Donald Brook (8 January 1927 – 17 December 2018) was an Australian artist, art critic, philosopher, and theorist, whose research and publications centre on the philosophy of art, non-verbal representation and cultural evolution.

Brook was born in Leeds, Yorkshire, on 8 January 1927.

He was educated on scholarships at Woodhouse Grove School and at the University of Leeds, where he read Electrical Engineering.

He left before graduating with the intention of becoming an artist and was conscripted in the army toward the end of WWII.

1949

He received a Further Education and Training grant in 1949 to study sculpture at the King Edward VII School of Art in the University of Durham.

1953

After graduating (B.A. Fine arts) with first class honours in 1953 Henry Moore and William Coldstream were his external examiners, he spent a further year on a Chancellor's postgraduate award researching Archaic and Cycladic sculpture in Greece.

1962

Thereafter he established a practice as a sculptor, exhibiting at the Woodstock Gallery in London and executing commissions, and was awarded a studio and residence at the Digswell Arts Trust at Welwyn in Hertfordshire, His interest in unresolved theoretical questions about the visual arts led him to accept a further postgraduate scholarship in the Department of Philosophy in the Australian National University in Canberra in 1962.

1965

His PhD thesis (1965), examined by Professors E. H. Gombrich and David Armstrong, applied analytic-philosophical theories of perception to questions of pictorial representation and art-critical appraisal.

Electing to remain in Australia, Brook continued to work as a sculptor and as art critic of the Canberra Times under John Pringle's editorship.

1968

From 1968 he became art critic of the Sydney Morning Herald, when he was appointed as one of the three first academics in the new Power Institute of Fine Arts in the University of Sydney.

During this period (1968-1973) he was an energetic initiator of the "Tin Sheds" workshops, where his promotion of what he then called "post-object art" (more generally referred to at the time as "conceptual art") was found liberating by many of the younger artists.

1969

His 1969 John Power Memorial Lecture "Flight from the Object" proposed a radical alternative to the ideas that animated Clement Greenberg's 1968 Power Lecture "Avant-garde Attitudes".

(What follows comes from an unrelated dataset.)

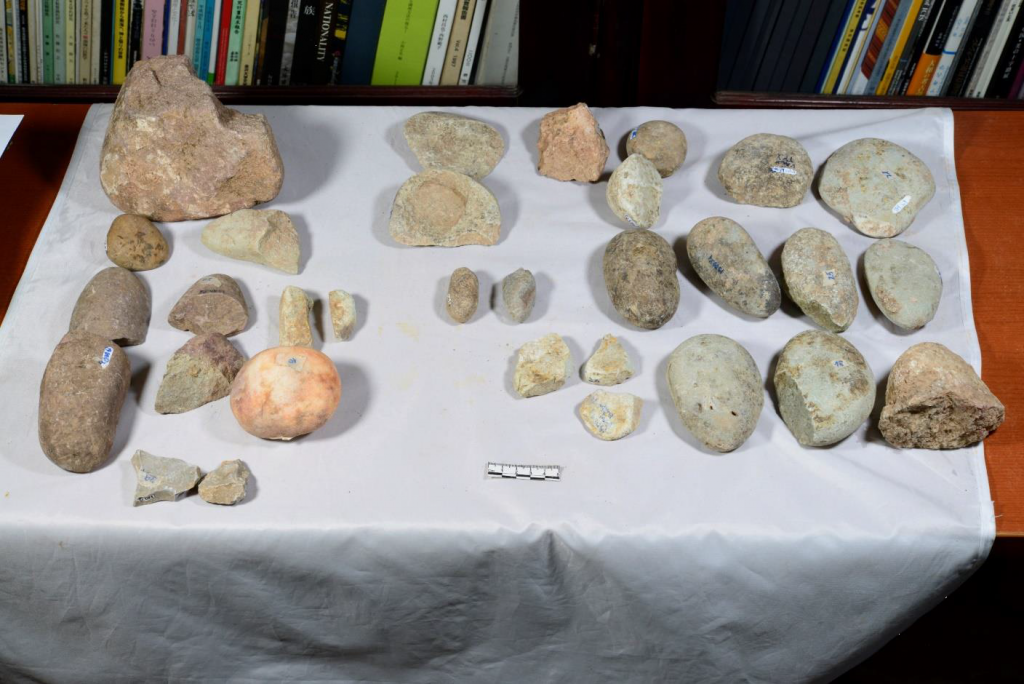Hiện vật đá thu được trong cuộc khai quật lần này đa dạng hơn cuộc khai quật trước cả về loại hình và số lượng. Về công cụ sản xuất, tại hố khai quật thu được 5/22 công cụ sản xuất bằng đá gồm: 2 bàn mài, 1 đá có lỗ vũm, 1 hòn đập và 1 chày tay. Tại hố thám sát thu được 1 đá có lỗ vũm. Các hiện vật đá còn lại là đá nguyên liệu thu được ở rải rác các hố. Các tiêu bản bàn mài được chế tác từ chất liệu đá phiến và sa thạch. Cả hai mảnh bàn mài đều được sử dụng ở dạng đá tự nhiên thô không qua chế tác. Các tiêu bản đá có lỗ vũm còn khá nguyên dáng, có chất liệu sa thạch. Hình dạng và kích thước các hiện vật đá có lỗ vũm chênh lệch nhau khá lớn. Các tiêu bản đá có lỗ vũm được tìm thấy mang đặc điểm của loại hình đá có lỗ vũm văn hóa Hòa Bình. Hòn đập có chất liệu Quartzite, còn nguyên dáng. Tiêu bản chày nghiền tìm thấy trên thân hiện vật gồm nhiều vết vỡ không có chủ ý. Dấu vết sử dụng ở một mặt, là vết mài mờ. Tiêu bản chày nghiền tìm thấy ở lớp địa tầng thấp nhất của hố khai quật, bên trong lớp điệp sò.

Australian painters had generally taken their options to be restricted to the choice of international mainstream modernism or the purposeful construction of a distinctively Australian style.

1970

He initiated the Experimental Art Foundation in the 1970s in Adelaide, and was later Emeritus Professor of Visual Arts at Flinders University in Adelaide.

1973

In 1973 he was appointed to the inaugural chair of Fine Arts at Flinders University in Adelaide, where he contentiously changed the departmental name from "Fine Arts" to "Visual Arts".

He initiated theoretical studies in the psychology and philosophy of visual perception and introduced a study of Aboriginal visual culture in a context where European art history had previously dominated.

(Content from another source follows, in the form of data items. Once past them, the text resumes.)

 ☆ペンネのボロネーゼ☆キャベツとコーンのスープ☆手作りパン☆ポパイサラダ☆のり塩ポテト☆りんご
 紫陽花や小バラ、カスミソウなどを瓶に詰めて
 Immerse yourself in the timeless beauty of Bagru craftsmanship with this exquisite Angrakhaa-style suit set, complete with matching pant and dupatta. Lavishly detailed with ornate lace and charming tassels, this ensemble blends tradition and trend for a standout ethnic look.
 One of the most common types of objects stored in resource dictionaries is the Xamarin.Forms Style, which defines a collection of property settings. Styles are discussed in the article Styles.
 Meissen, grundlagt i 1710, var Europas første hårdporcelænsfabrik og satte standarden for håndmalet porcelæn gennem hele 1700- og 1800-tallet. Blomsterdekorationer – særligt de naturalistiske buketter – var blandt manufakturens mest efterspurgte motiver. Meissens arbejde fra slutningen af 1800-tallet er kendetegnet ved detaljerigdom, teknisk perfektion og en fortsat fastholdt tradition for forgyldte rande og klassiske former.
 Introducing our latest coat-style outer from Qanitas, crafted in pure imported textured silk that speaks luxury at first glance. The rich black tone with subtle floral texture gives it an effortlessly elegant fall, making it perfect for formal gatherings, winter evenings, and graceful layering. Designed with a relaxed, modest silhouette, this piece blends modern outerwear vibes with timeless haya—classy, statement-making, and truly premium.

At that time no practical studio courses were offered in any Australian university.

1974

From 1974 he initiated the Experimental Art Foundation in Adelaide.

This was partly designed to enrol practising artists, along with academics and theorists, to bridge what he called "the gap between town and gown".

He also introduced postgraduate academic programs for practising artists.

Brook abandoned art criticism after leaving Sydney, and published extensively thereafter in journals of informed opinion and more popular media as well as in the academic literature.

1989

He retired from Flinders at the end of 1989 and lived in Cyprus from 1990–92, returning temporarily to a part-time role at the University of Western Australia in Perth, before settling again in Adelaide.

2008

Brook's account of art as the essentially unexpected recognition of the viability of new memes is spelled out in his book The Awful Truth About What Art Is (2008).

2014

It is succeeded by his semi-autobiographical book Get A Life (2014), in which an anthology of his papers on perception, representation, art, evolution and history is threaded together along a string of text that is intended to place them in the context of his personal history and experience.

2018

Brooks died in Adelaide in 2018.

Although they are wide-ranging, Brook's philosophical interests have centred on two principal regions of speculation: to understand the nature and place of perception and non-verbal representation in the visual arts, and to elucidate the relationship between art, the histories of works of art and the dynamics of cultural evolution.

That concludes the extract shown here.